Under Admin Code § 8-107(15)(a), failure to provide reasonable accommodation to an employee's known disability is a form of discrimination. To state a prima facie case of a failure to accommodate under the City HRL, the plaintiff must allege facts to suggest that: "(1) plaintiff was disabled within the meaning of the statute; (2) the employer had notice of the disability; (3) plaintiff could perform the essential functions of his or her job, with a reasonable accommodation; and (4) the employer refused to make a reasonable accommodation." Hyacinthe v City of NY, 2021 NY Slip Op 30443[U] (Sup Ct, NY County 2021), citing Miloscia v B.R. Guest Holdings LLC, 33 Misc.3d 466, 474, 928 N.Y.S.2d 905 (Sup Ct, NY County 2011), aff d in part, mod in part, 94 A.D.3d 563, 942 N.Y.S.2d 484 (1st Dept 2012). An employer can prove an undue hardship that prevents them from providing a reasonable accommodation.
Discussion
The Court finds that Petitioner has established that his disability was likely a motivating factor in DOC terminating his employment. The PDR is sufficient evidence to show that DOC unlawfully based Petitioner's termination on the totality of his absences which included absences related to his shoulder injury and COVID illness, which is unlawful. Moreover, the only basis for his termination in this report appears to be the comment that indicates that the petitioner abused the sick leave policy and was not injured. There has been no evidentiary basis provided during this litigation that that statement was accurate. Therefore, DOC s decision appears to be a mixture of unlawful and purportedly legitimate reasons which shifts the burden onto the Respondent.

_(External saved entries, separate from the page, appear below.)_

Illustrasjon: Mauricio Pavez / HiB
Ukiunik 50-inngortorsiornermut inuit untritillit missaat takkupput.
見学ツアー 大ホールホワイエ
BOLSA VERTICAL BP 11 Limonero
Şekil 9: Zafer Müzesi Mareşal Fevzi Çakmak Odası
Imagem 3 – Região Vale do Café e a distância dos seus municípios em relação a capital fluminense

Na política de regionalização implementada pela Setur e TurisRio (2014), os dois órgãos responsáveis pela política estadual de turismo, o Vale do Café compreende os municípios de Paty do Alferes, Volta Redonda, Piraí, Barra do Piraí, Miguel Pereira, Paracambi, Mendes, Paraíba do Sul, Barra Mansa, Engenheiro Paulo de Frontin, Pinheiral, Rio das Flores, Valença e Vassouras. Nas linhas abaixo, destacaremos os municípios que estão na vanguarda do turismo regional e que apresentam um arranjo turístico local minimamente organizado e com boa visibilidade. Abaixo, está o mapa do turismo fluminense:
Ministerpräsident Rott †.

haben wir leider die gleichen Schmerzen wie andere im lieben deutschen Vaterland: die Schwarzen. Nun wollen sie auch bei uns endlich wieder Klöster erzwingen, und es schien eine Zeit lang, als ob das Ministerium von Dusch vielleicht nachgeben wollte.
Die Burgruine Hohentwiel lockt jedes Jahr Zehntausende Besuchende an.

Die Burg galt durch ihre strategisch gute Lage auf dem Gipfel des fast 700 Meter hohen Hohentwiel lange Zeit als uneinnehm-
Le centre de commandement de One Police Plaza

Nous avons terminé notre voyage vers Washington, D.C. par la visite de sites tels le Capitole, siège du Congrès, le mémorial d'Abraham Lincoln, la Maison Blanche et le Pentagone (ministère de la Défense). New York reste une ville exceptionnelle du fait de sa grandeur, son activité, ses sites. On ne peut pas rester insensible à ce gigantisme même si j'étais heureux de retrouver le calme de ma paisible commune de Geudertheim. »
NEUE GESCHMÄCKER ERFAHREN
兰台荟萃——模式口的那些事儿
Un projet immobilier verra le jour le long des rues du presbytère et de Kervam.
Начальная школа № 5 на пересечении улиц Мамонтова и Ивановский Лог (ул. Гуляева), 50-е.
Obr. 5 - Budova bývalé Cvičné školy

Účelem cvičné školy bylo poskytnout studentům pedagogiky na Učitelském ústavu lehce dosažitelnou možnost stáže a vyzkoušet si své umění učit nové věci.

Applying a mixed motive analysis, the Court finds that the Respondent DOC has not met its burden. Respondent has failed to show that Petitioner's termination would have been the same absent the alleged unlawful motive. The Answer fails to assert, much less establish, this affirmative defense, and DOC's assertion of legitimate non-discriminatory is unsupported by the record. Likewise, Respondent has proffered no evidence that the light duty given to Petitioner qualifies as an undue hardship to relieve them of their legal obligation to provide a reasonable accommodation. It is therefore
ADJUDGED that the petition is granted; and it is further
ORDERED that the action taken by the respondents to terminate the petitioner's employment with the New York City Department of Corrections is vacated.